I haven't notice a huge weight loss in the IGs. Blaise has thinned a little, you can barely see a couple backbones and the very tip of his hip bones which is good. Scotty doesn't look like he's lost any weight, I'll know for sure when I can get them to a scale. Dal, on the other hand, has lost weight but I guess that could be attributed to his age. I've tried offering 2 meals but none of them want to eat during the day, mostly due to the heat although it hasn't been bad, only hit the 100s twice so far which is really good. But I give small portions at a time and that seems to help.


----------



## magicre (Apr 7, 2010)

Celt said:


> The pups aren't really pups. Blaise is going to be 3 at the end of July and Scotty will be 2 a day after Blaise. Both of them have good teeth and it's the breed's trouble with teeth that I decided to go raw. The Old Man is an almost 18yr old Golden Retriever. The vet says that for his age he's in good shape. He use to eat chicken leg quarters no problem, then I had to cut them in "half", then I cut the meat off and then give him the bones which he may or may not eat, now he gets the meat from the quarters and a chicken neck (2 if he'll eat them). They've been sorta on raw since March. They were getting cooked meat with kibble along with the raw chicken, at different times. They've never had premade raw. It wasn't long before the Old Man stopped eating the kibble and would only eat meat. I've been feeding pork spareribs for the last 2 weeks. All of them prefer "cooked" meat over raw <sigh> even now I have to "sear" the meat to get them to eat it. I can't tough love Blaise because he's hypoglecmic, and I won't do it with the Old Man because of his age which leaves me feeling horrible about trying it with Scotty. I'm at a loss. I know that I can't go back to kibble/can because none of them will touch it now, and I'm not sure if I could do the cooked meal right. It sounds pretty complicated. They are eating if the meat's seared a little. It's just not very much. On a really good day, Dal (the Old Man) might eat 16 oz (which is just barely 2% of his weight), Blaise (the best eater) may eat 3 oz (which is his 2%), and Scotty might eat 2 oz (which is only half of his 2% amount).But on the calculator page, 2% is for losing weight which Dal and Scotty do not need, Blaise could stand to lose about a lb/lb and a half. Sorry to be such a bother.
> I haven't fed the Pet Botanics since I've started with feeding real meats.

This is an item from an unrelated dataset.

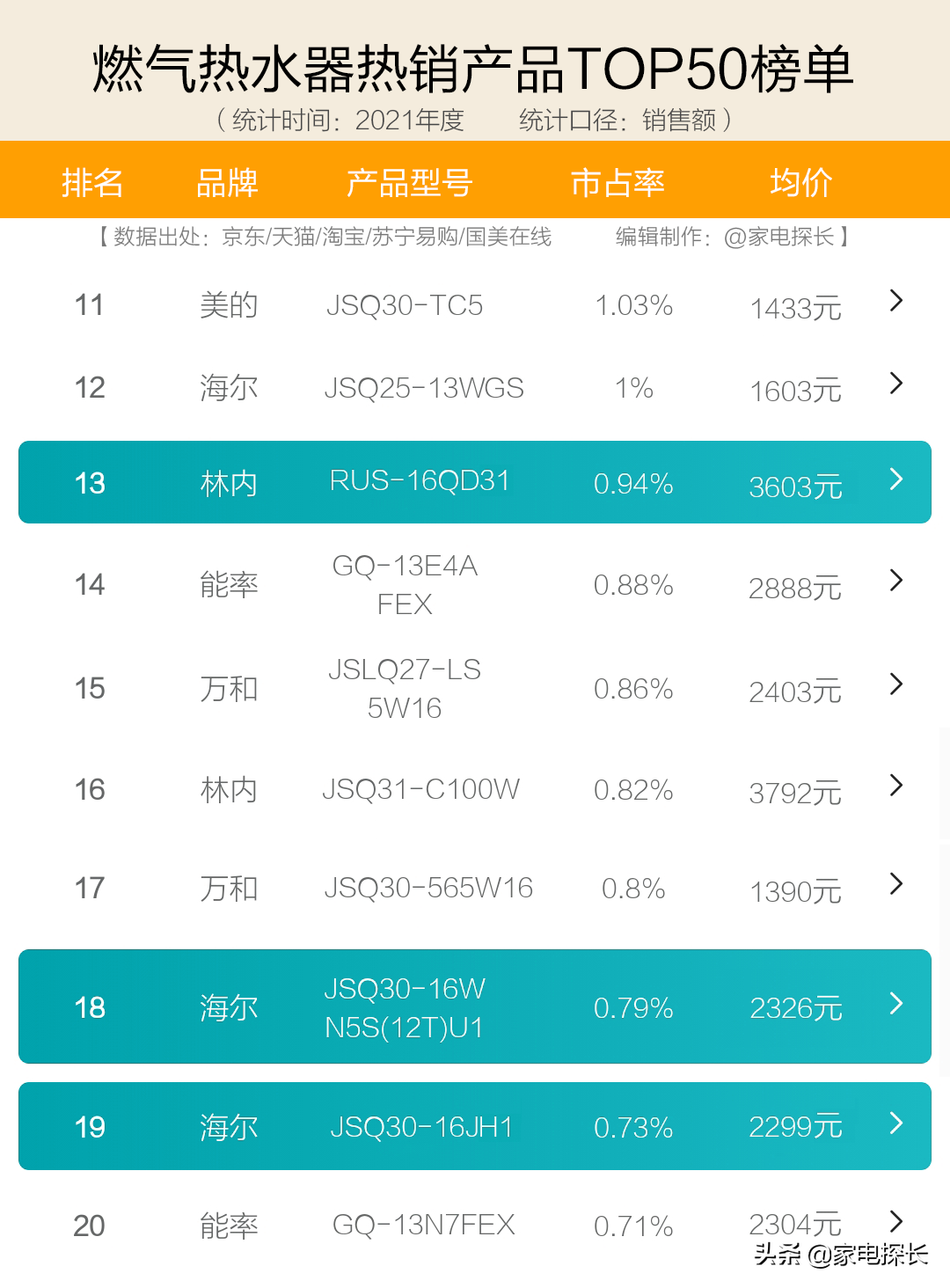 2021年度,5大线上渠道按销售额统计,燃气热水器TOP50热销机型,海尔上榜12个,美的12个、万和8个、林内6个、AO史密斯5个、能率3个、万家乐2个,其它品牌2个。

first off, you're NOT being a bother...many of us go through things and that's what this forum is for....to help.

at eighteen, i think the old man should eat whatever he wants.... 

let me ask you:

would it make the dogs and your life better if you just cooked for them?

it's not a bad thing, honest.....ask yourself that and if the answer is 

whew, i'd feel SO MUCH BETTER and the DARNED dogs would eat....then let's get a home cooked diet together....

i used to cook for my dogs before my dogs went raw....but i never had the problems you're having.....they took to raw immediately...and whilst i have an older dog, she certainly isn't 18..which is like a doggie miracle...

meal time shouldn't have to be a chore and a frustration...

if cook works better for you and the dogs, then let's do cooked. 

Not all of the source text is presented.